• [Try it]
Leave out the pictures and repeat the data exactly.

• [Dataset extract]
[Start of Attachment]
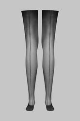 Maison Close's signature suspender stockings. Black with delicate silver LUREX® stitching that elegantly accentuates the back of the legs for a graphic, playful style. Fine, silky 20 denier voile for combining with a suspender belt for a perfect fit.
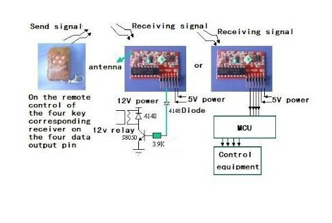 Il modulo costituisce un telecomando completo a quattro vie. Il kit si compone di un portachiavi elettronico che contiene un trasmettitore RF e un modulo ricevente.
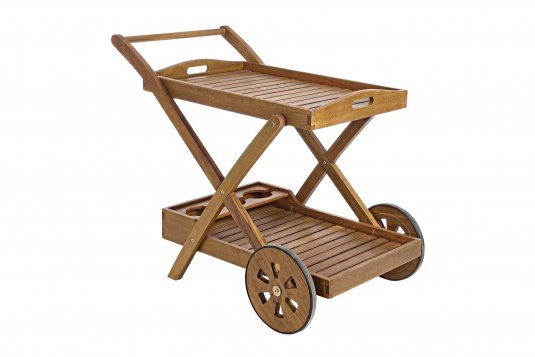 Wózek na drinki z drewna akacji / 2 tace oraz uchwyty na butelki / 2 kółka / Wymiary: 56 szer. x 89 głęb. x 76 wys. [cm]
[End of Attachment]
• [Task output]
 Maison Close's signature suspender stockings. Black with delicate silver LUREX® stitching that elegantly accentuates the back of the legs for a graphic, playful style. Fine, silky 20 denier voile for combining with a suspender belt for a perfect fit.
 Il modulo costituisce un telecomando completo a quattro vie. Il kit si compone di un portachiavi elettronico che contiene un trasmettitore RF e un modulo ricevente.
 Wózek na drinki z drewna akacji / 2 tace oraz uchwyty na butelki / 2 kółka / Wymiary: 56 szer. x 89 głęb. x 76 wys. [cm]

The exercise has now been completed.